Mistake converting $2.3151515...$ to a fraction?

Question

So I think I made a mistake but I just want to confirm I'm getting this right:

In the example, we had the number $2.3151515...$ and were supposed to convert this number into a fraction. It was then shown to be equal to the sequence $2.3 + \frac{15}{10^3}+\frac{15}{10^5}+\frac{15}{10^7}$ etc. As such the common ratio is $r = \frac{1}{100}$

Thus we get the sum of the sequence equalling $(2.3)\frac{1}{1-\frac{1}{100}} = \frac{230}{99}$ The problem is, when I checked my solution $\frac{230}{99}$, it's rougly $2.32323232...$ yet the right solution would actually be $\frac{382}{165}$

Does the problem lie within the simplification of the sequence or am I doing something wrong?

Thanks in advance.

Answer 1

The $2.3$ is not be part of your series. The first term in the series is actually $\dfrac{15}{10^3}$ with the common ratio of $\dfrac1{10^2}$.

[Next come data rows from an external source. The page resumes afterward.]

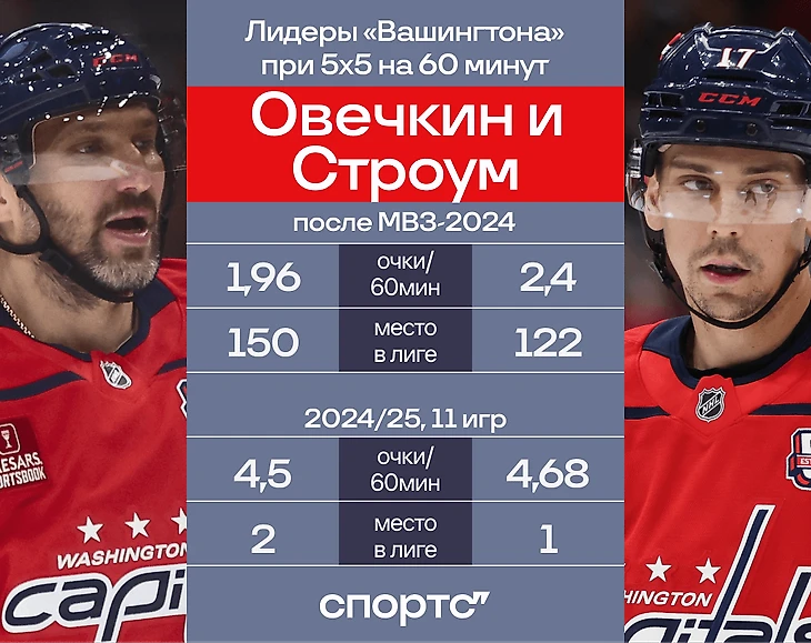Овечкин и Строум на двух первых местах по очкам на 60 минут при 5 на 5, а сразу за ними еще двое из «Вашингтона» – Протас и Макмайкл. Это, конечно, изменится на более длинной дистанции, потому что цифры совсем запредельные. В прошлом сезоне, например, 3+ было только у троих – Макдэвида, Маккиннона и Кучерова. А тут в полтора раза больше. Но, с другой стороны, наверняка худо-бедно наладится большинство.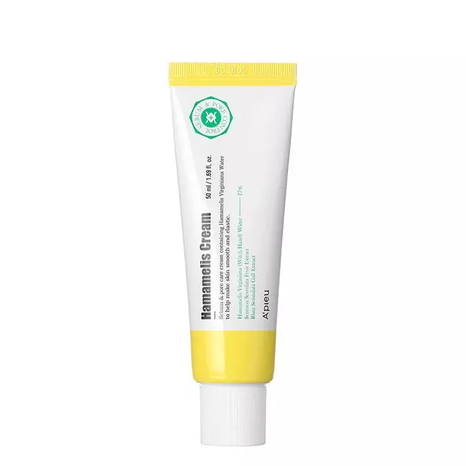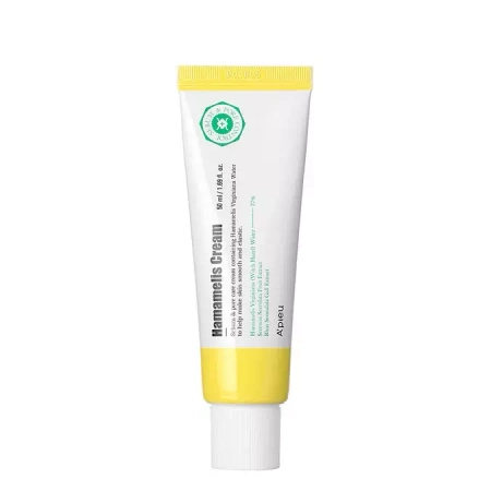 A'pieu - Hamamelis Cream - krem do pielęgnacji skóry twarzy, szyi i dekoltu. Kompozycja opiera się na bazie hydrolatu z liści oczaru wirginijskiego, który pozytywnie wpływa na cerę z niedoskonałościami. Zwęża pory, odświeża tłustą cerę. W połączeniu z niacynamidem widocznie poprawia koloryt skóry i zmniejsza ilość niedoskonałości. Zawartość oleju arganowego i sezamowego wspiera pracę naturalnej bariery hydrolipidowej i zapobiega utracie wody z naskórka. Regularnie stosowany krem może okazać się cennym elementem codziennej pielęgnacji skóry.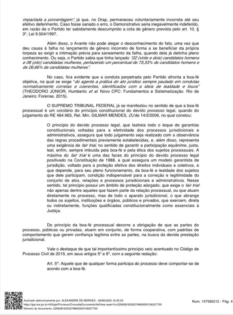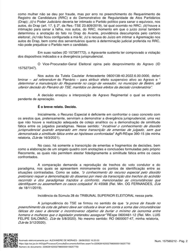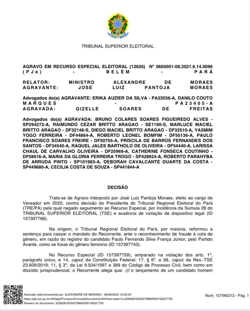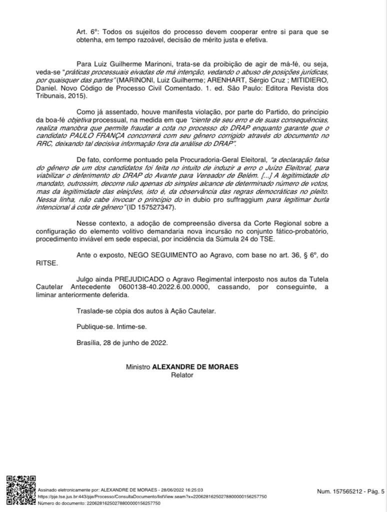 Como já assentado, houve manifesta violação, por parte do partido, do princípio da boa-fé objetiva processual, na medida em que “ciente de seu erro e de suas consequências, realiza manobra que permite fraudar a cota no processo do DRAP enquanto garante que o candidato Paulo França concorrerá com seu gênero corrigido através do documento no RRC, deixando tal decisiva informação fora da análise do DRAP”. De fato, conforme pontuado pela Procuradoria-Geral Eleitoral, “a declaração falsa do gênero de um dos candidatos foi feita no intuito de induzir a erro o Juízo Eleitoral, para viabilizar o deferimento do DRAP do Avante para Vereador de Belém. […] A legitimidade do mandato, outrossim, decorre não apenas do simples alcance de determinado número de votos, mas da legitimidade das eleições, isto é, da observância das regras democráticas no pleito. Nessa linha, não cabe invocar o princípio do in dubio pro suffraggium para legitimar burla intencional à cota de gênero” (ID 157527347). Nesse contexto, a adoção de compreensão diversa da Corte Regional sobre a configuração do elemento volitivo demandaria nova incursão no conjunto fático-probatório, procedimento inviável em sede especial, por incidência da Súmula 24 do TSE. Ante o exposto, NEGO SEGUIMENTO ao Agravo, com base no art. 36, § 6º, do RITSE. Julgo ainda PREJUDICADO o Agravo Regimental interposto nos autos da Tutela Cautelar Antecedente 0600138-40.2022.6.00.0000, cassando, por conseguinte, a liminar anteriormente deferida”, fulminou Alexandre de Moraes.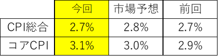 米労働省が発表した、今回の消費者物価指数(CPI)は、前年同月比で2.7%上昇。前月の2.7%から横ばい。市場予想2.8%を下回る。
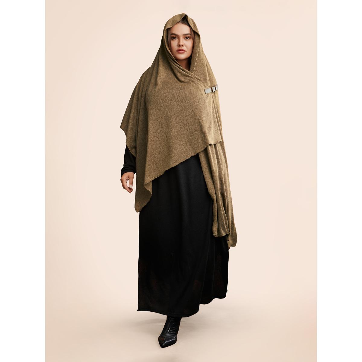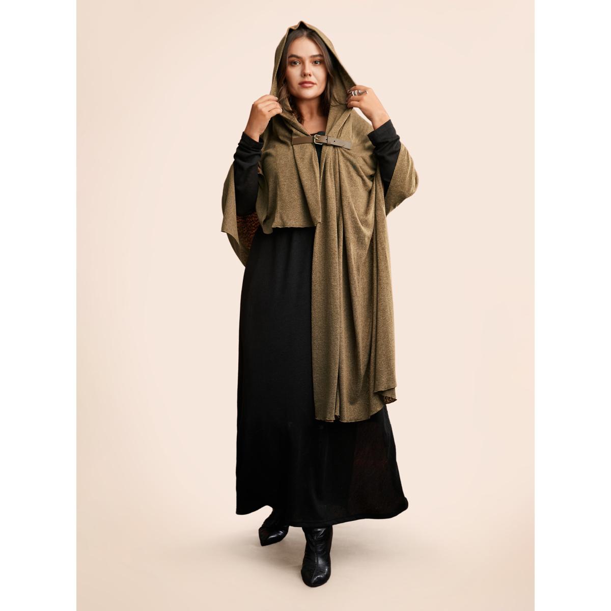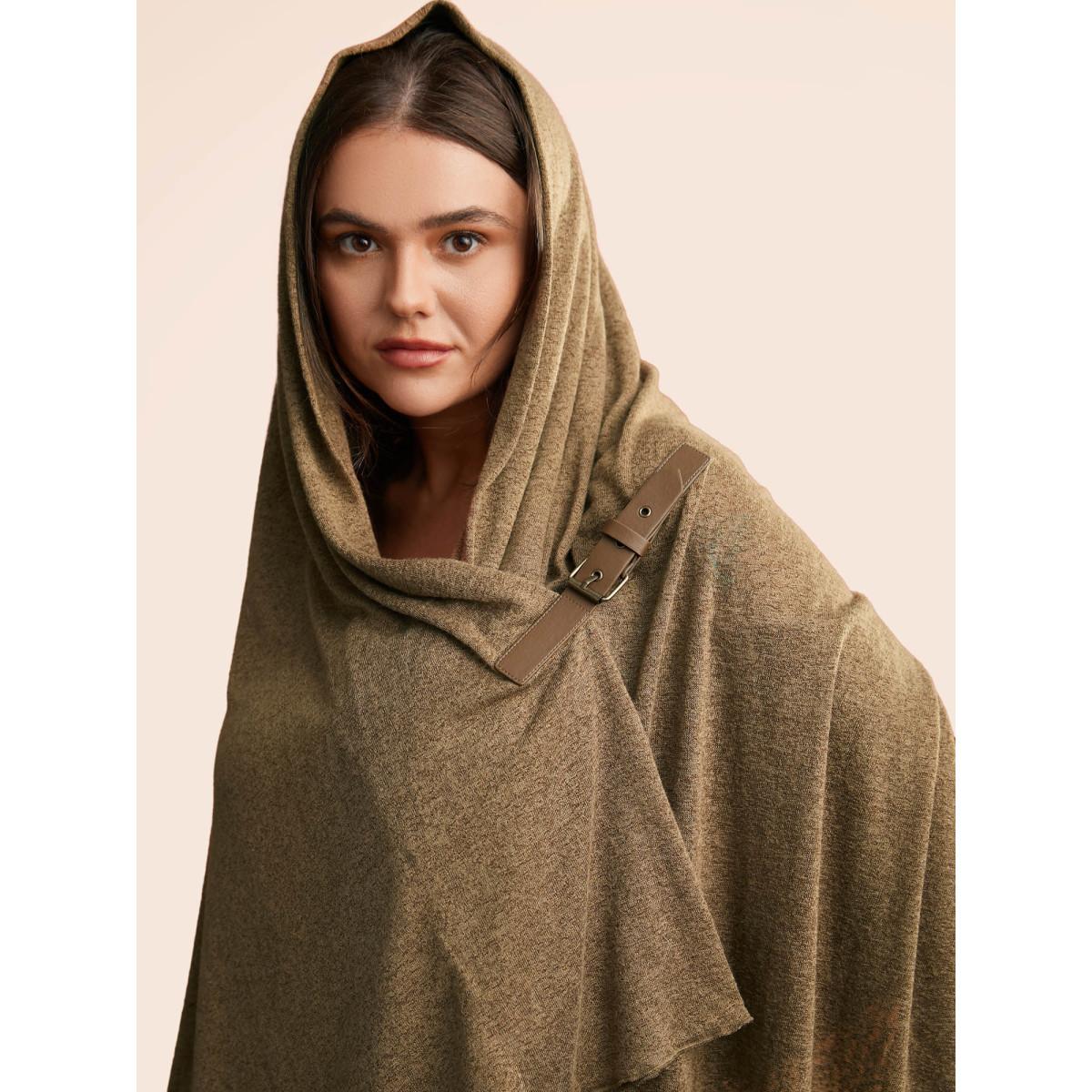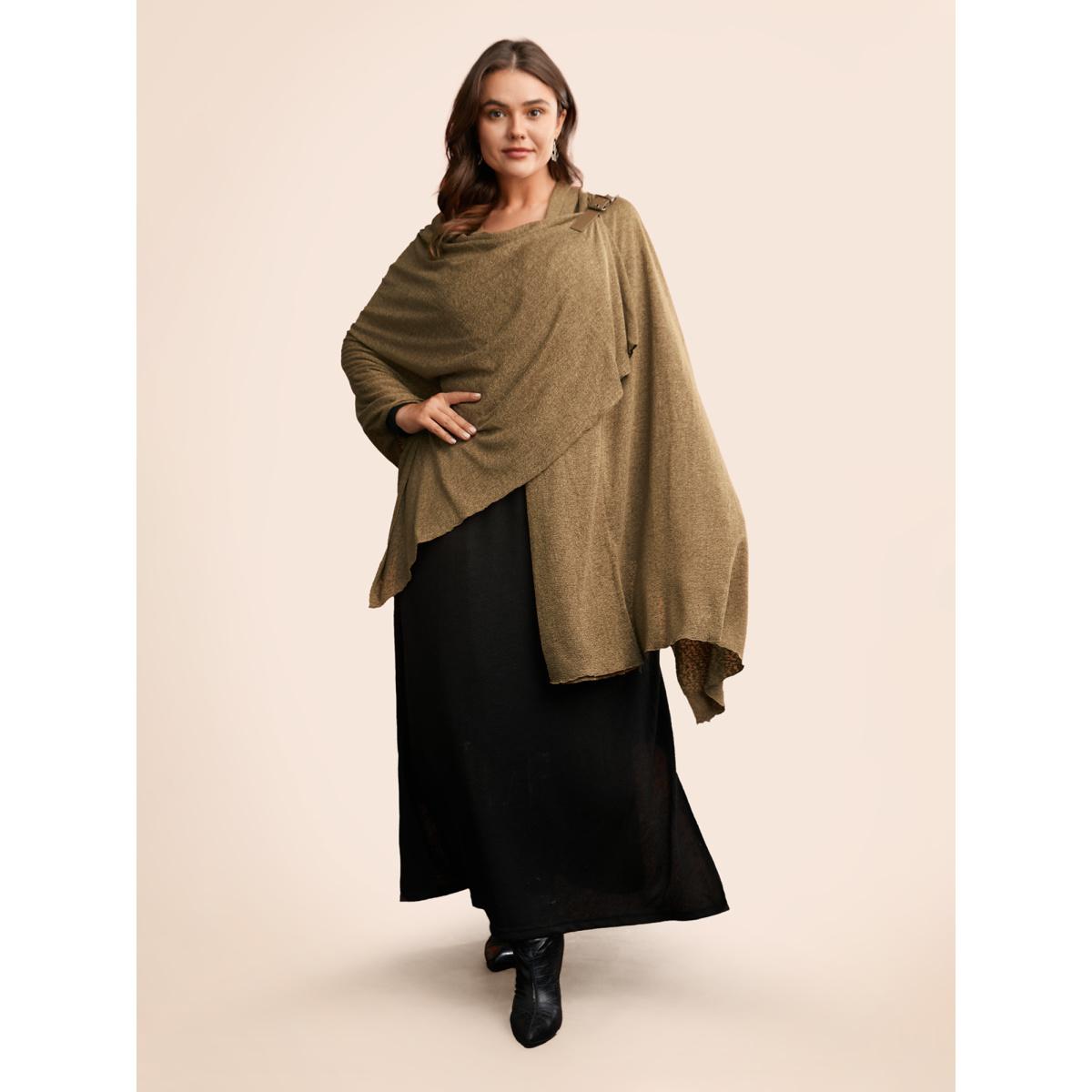 Plus Size Knitted Leather Buckle Cape Styled Shawl Women Yellowishbrown Elegant Asymmetrical Loose Ladies Everyday Winter Coats BloomChic 12/L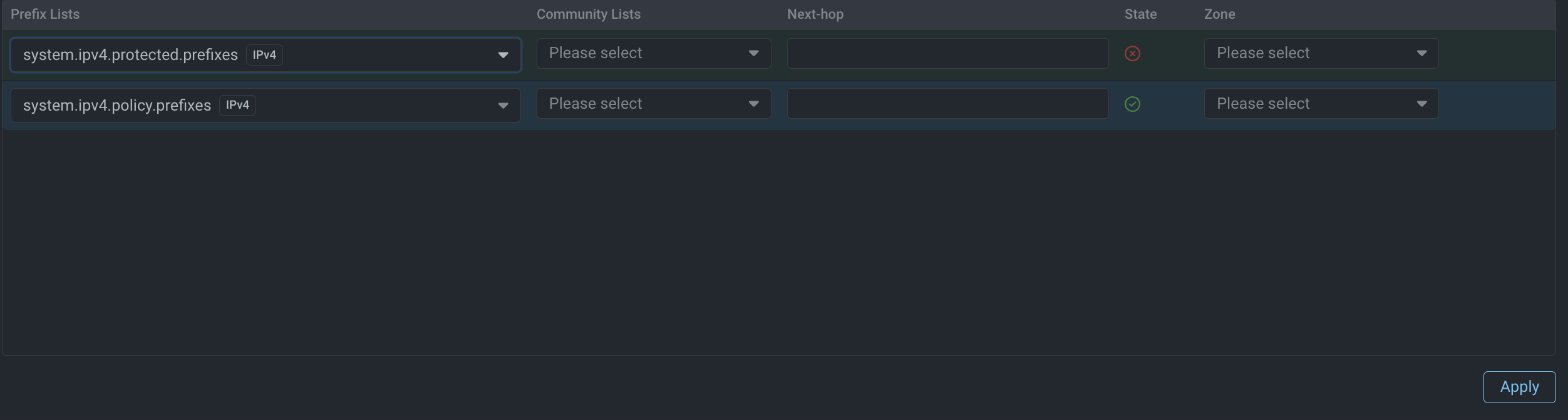system.protected.prefixeslist announcement control in the policies responsible for MITIGATOR CPE traffic. It will be automatically announced to all BGP neighbours for which it was added to the announcement policy, while BGP announcement is active and the list is not empty. -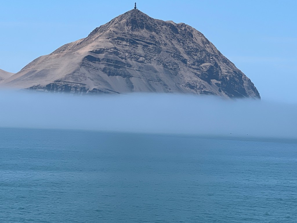 In any case, we boarded a large catamaran and sailed in the Beagle Channel for a LONG time! The guide had a microphone but between the noise of the passenger conversations, the low volume of the microphone and her Spanish accent, we didn’t get to hear too much of her comments. We saw many rocky islands with what resembled penguins but were actually Imperial Cormorants. There were also many sea lions just lying about on the rocky islands. The boat captain spent time circling the islands so we could all get pretty good views of the wildlife. You could go outside, but I was too cold to do so. Again, the weather changes minute by minute and it was rainy a lot of the time. so my pictures aren’t that great but you get the idea.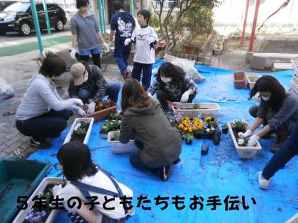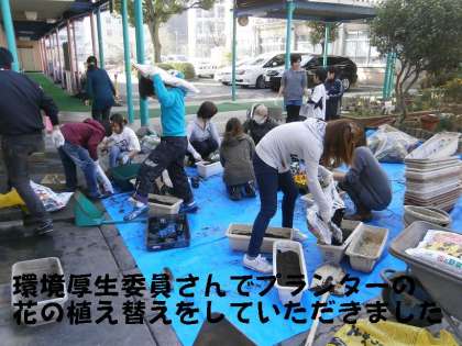 午後からPTA環境厚生委員のお母さん方に来ていただき,玄関前のプランターの花の植え替え作業をしていただきました。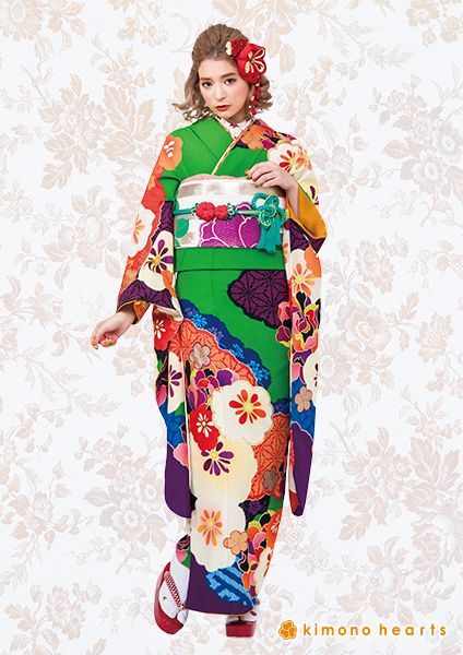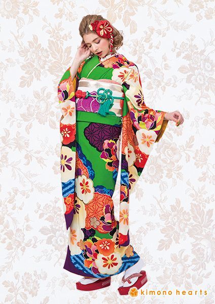 緑に深い紫が鮮やかな振袖。赤色の小物をを合わせてハイカラに。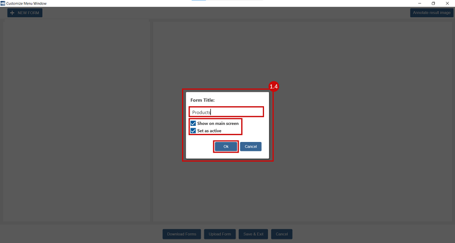 1.4 Give it a relevant name and make sure to have Show on main screen and Set as Active options enabled ➜ Click Ok. (for this example, we named the Form Products).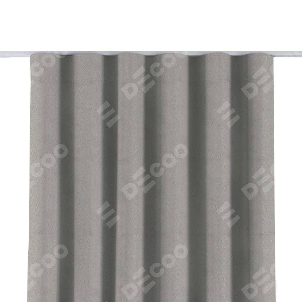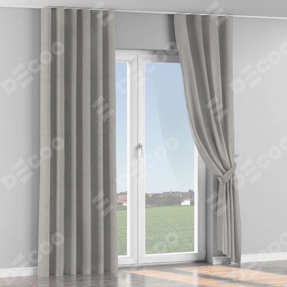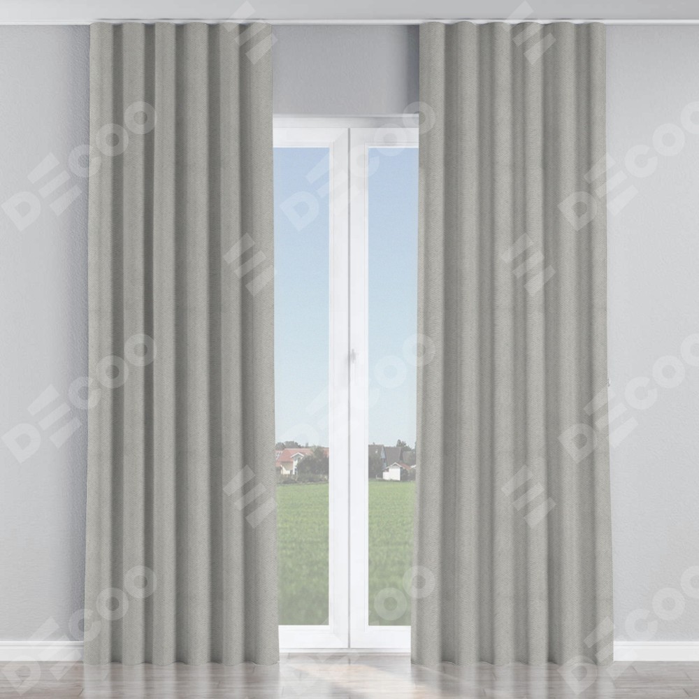 Комплект прямых штор, от производителя «Cortin», пошиты из ткани блэкаут с блеском тёмно-серый, артикул ткани 34634. С изнаночной стороны в верхней части штор пристрачивается шторная лента с декоративными складками «Волна». Обратная сторона основного материала черного цвета, что обеспечивает необходимую светонепроницаемость. Для создания элегантных складок прямые шторы шьются по стандарту с коэффициентом 1:2 (на 100 см. ширины проёма 200 см. ширины ткани).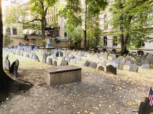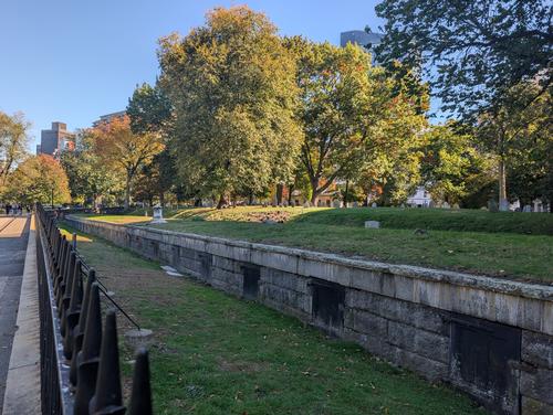 We will meet at the entrance to the historic Central Burying Ground located near the corner of Boylston and Tremont Streets in downtown Boston. Although there's no street number for the graveyard, the entrance is opposite 120 Boylston St. (an Emerson College building). For those taking the T (MBTA), the entrance is just around the corner from Boylston T Station.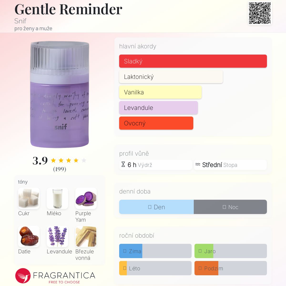Gentle Reminder podle Snif je Floral Fruity Gourmand vůně pro ženy a muže. Toto je nová vůně. Gentle Reminder byl/a uveden/a v roce 2025. "Nosem" za touto vůní je Patricia Choux. Vrchní tóny jsou Cukr, Mléko, Datle a Černý čaj; střední tóny jsouPurple Yam a Levandule ; základní tón je Březule vonná.

Your sum should be $$2.3+\frac{\frac{15}{10^3}}{1-\frac1{10^2}}=\frac{382}{165}$$ as desired.

Answer 2

The correct answer is $2.3+\dfrac{\dfrac{15}{10^3}}{{1-\dfrac1{100}}}=\dfrac{382}{165}$

Answer 3

Here is the standard technique. We have $$2.3\overline{15}=\frac{2315-23}{990}=\frac{2292}{990}$$ The overline / bar denotes the group of repeating digits. Just form the integer without any decimals to get $2315$ and subtract the number formed by non-repeating digits $23$ and you get numerator $2315-23=2292$.

For denominator just check the digits after decimal point. It consists of as many 9's as there are repeating digits followed by as many zeroes as there are non-repeating digits after decimal point. Thus we get $990$ as denominator.

The above law can be proved using the standard formula for sum of an infinite geometric progression.

Your mistake is in ignoring the first term $a$ in formula for sum of infinite GP $$a+ar+ar^2+\dots=\frac{a} {1-r}$$ and treating the sum as just $1/(1-r)$.